Surprisingly well. Kids are more resilient than we often give them credit for.
That said, they are a product of their environment and their lives to date. We overheard a great example just last week at the dinner table. My five-year son asked his seven-year old sister what school he’ll be going to. He finally asked “And will we go to the same high school, too?” Her reply? “Well, maybe, but who knows…we may be living somewhere else by then. We could go to high school in Vietnam for all we know!” My wife and I looked at each other with a “Wow, okay…” glance. And maybe they will.
One huge advantage of having grown up in different places: ability to make friends easily. Both my children are outgoing and their peers seem to gravitate to them naturally. From my son’s pre-school report: “good self-image, happy and outgoing li’l guy, always a pleasant personality and excellent attitude.” That’s describing a five-year old who has learned to adapt to bigger changes than most adults.
4) Do you speak French? Any funny Canadian vocabulary you picked up in English?
As an American, I know far less French than your average Canadian. But it’s not a big disadvantage unless you really wish you could work a civil servant job. It’s important for Canada-hopeful Americans to know that some provinces aren’t nearly as bilingual as say, New Brunswick or French-centric as obviously Quebec.

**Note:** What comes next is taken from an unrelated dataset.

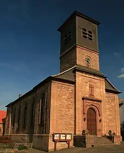 Die dreischiffige klassizistische Hallenkirche wurde 1852 von Baumeister Breithaupt aus Quadermauerwerk errichtet. Die Fassade im Südwesten besteht aus dem Dachturm, in dessen Glockenstuhl fünf Kirchenglocken mit den Tönen g1, b1, c2, es2 und g2 hängen, und seitlichen Nebenräumen. Der Chor im Nordosten ist mit seinen Nebenräumen nur wenig schmaler als das Langhaus. Beide sind mit einem gemeinsamen Satteldach bedeckt.

In Nova Scotia, you only need “sirop d’érable.”
5) How do you find the cost of living here compared to the US?
Higher. In our case, much higher. When we compare New Hampshire (no sales or income tax) to Nova Scotia, it hurts. Here, tack on a hefty 15% sales tax on top of already higher priced products. Gallon of milk = $5.70. Gallon of gas = $4.90.
That said, health care = free. University = far, far cheaper.
6) What has been your biggest culture shock so far?
Our transition from Prague, Czech Republic to downtown Dartmouth, Nova Scotia. Think: from Cinderella’s castle to Batman’s Metropolis. It was a very tough year.
Our idea was to rent in a shithole depressed area for a year, while we stabilized enough to buy a house just where we wanted. Looking back, it worked well, but the transition was hard while it lasted.
There hasn’t been any real, lasting culture shocks. I feel by now, we understand a culture shock is the reaction to differences unexpected. We overcome the “shock” because we expect to feel the difference. We choose to change and adapt, rather than fight it. So, there’s little shock. It’s when you don’t expect any differences, that the culture shocks are most felt…that’s why many expats suffer from “reverse culture shock” when returning.
7) What aspect of life in Canada did you adopt right away?
Speaking English. I’ll admit, in Prague I was getting frustrated with the Czech language. I’m no stranger to learning foreign languages, but Czech got to me in a bad way after just 2-3 years there. When we set sail for Canada, I was most looking forward to hearing and speaking only English.
8) What’s one thing you don’t like in Canada?
Airfare is so very expensive here. I miss the super-cheap fares of Europe. When we lived in Prague, we could fly many hours across countries for 1/10th the cost of flying anywhere within Canada. Of course, having to buy four seats compounds the problem.
I should add, when you compare distances, airfare is most expensive for domestic travel. It’s almost always cheaper to fly to Cuba than across Canada. It’s cheaper for east coast residents to get to Europe, than to the west coast, where they spend less to get to Asia. Things that make you go Hmmmm.
9) What’s the best part about living in Nova Scotia?
My wife. Her family. Having for once the option to say, “Let’s go to grandma and grandpa’s house!” and it doesn’t involve baggage claim or even an overnight stay.
10) What advice would you give to someone interested in becoming an expat in Canada or elsewhere?
Do it. To absolutely anyone, in any situation, I suggest they spend just a part of their lives in a different place, different culture, among different people, food, even language.
Travel with the intent to relocate. The “to relocate” part forces us to have to adapt, not just tolerate.